4. Syntax of UTF-8 Byte Sequences

For the convenience of implementors using ABNF, a definition of UTF-8 in ABNF syntax is given here.

UTF-8 String Definition

A UTF-8 string is a sequence of octets representing a sequence of UCS characters.
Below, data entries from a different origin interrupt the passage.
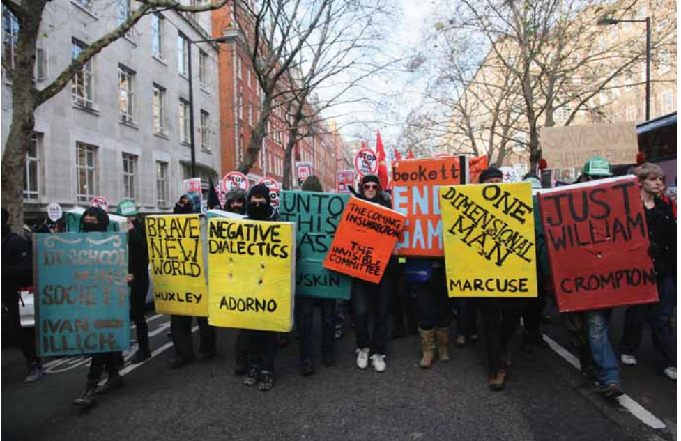
ABOVE: STUDENTS IN THE UK 'BOOK BLOC' PROTEST EDUCATION CUTS
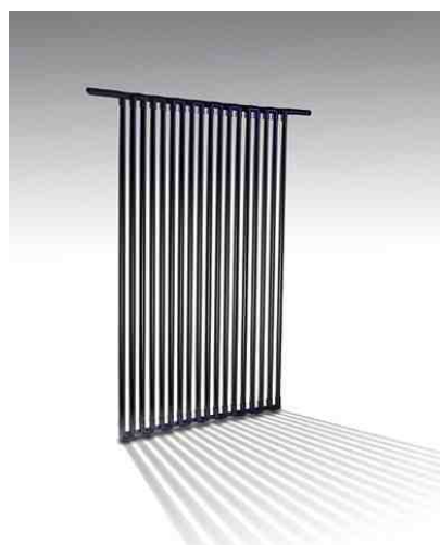
Figure 1: Compact ground heat exchanger

The producer suggests some basic guidelines for a successful installation: the property must be energy efficient with a maximum heat load normally lower than 50 W/m 2 ; the property must be fitted with mechanical exhaust air ventilation and a heat recovery coil must be installed in the exhaust air duct; the heat pump should offer full coverage with a normal
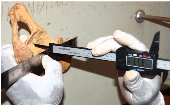
Fig. 1. Measurement of the depth of the acetabulum.

Figure 1 shows the measurement of depth of the acetabulum. The maximum vertical distance from the deepest point in the acetabular cavity (center of the acetabulum) to the horizontal plane touching the margins of the acetabular cavity. A thin metallic meter rule was kept across the margins of the acetabular cavity and the depth of the acetabulum was measured on the Electronic Vernier caliper using the depth gauge from the deepest point in the acetabulum to the ruler. 2

An octet sequence is valid UTF-8 only if it matches the following syntax, which is derived from the rules for encoding UTF-8 and is expressed in the ABNF of [RFC2234].

ABNF Syntax

UTF8-octets = *( UTF8-char )
UTF8-char   = UTF8-1 / UTF8-2 / UTF8-3 / UTF8-4
UTF8-1      = %x00-7F
UTF8-2      = %xC2-DF UTF8-tail
UTF8-3      = %xE0 %xA0-BF UTF8-tail / %xE1-EC 2( UTF8-tail ) /
              %xED %x80-9F UTF8-tail / %xEE-EF 2( UTF8-tail )
UTF8-4      = %xF0 %x90-BF 2( UTF8-tail ) / %xF1-F3 3( UTF8-tail ) /
              %xF4 %x80-8F 2( UTF8-tail )
UTF8-tail   = %x80-BF

Syntax Explanation

UTF8-1: Single-Byte Sequences

%x00-7F

Range: 0x00 to 0x7F (0-127)
Encoding: Complete ASCII range
Pattern: 0xxxxxxx

UTF8-2: Two-Byte Sequences

%xC2-DF UTF8-tail

First byte: 0xC2 to 0xDF (194-223)
Tail byte: 0x80 to 0xBF (128-191)
Pattern: 110xxxxx 10xxxxxx
Note: First byte cannot be 0xC0 or 0xC1 (would produce overlong encoding)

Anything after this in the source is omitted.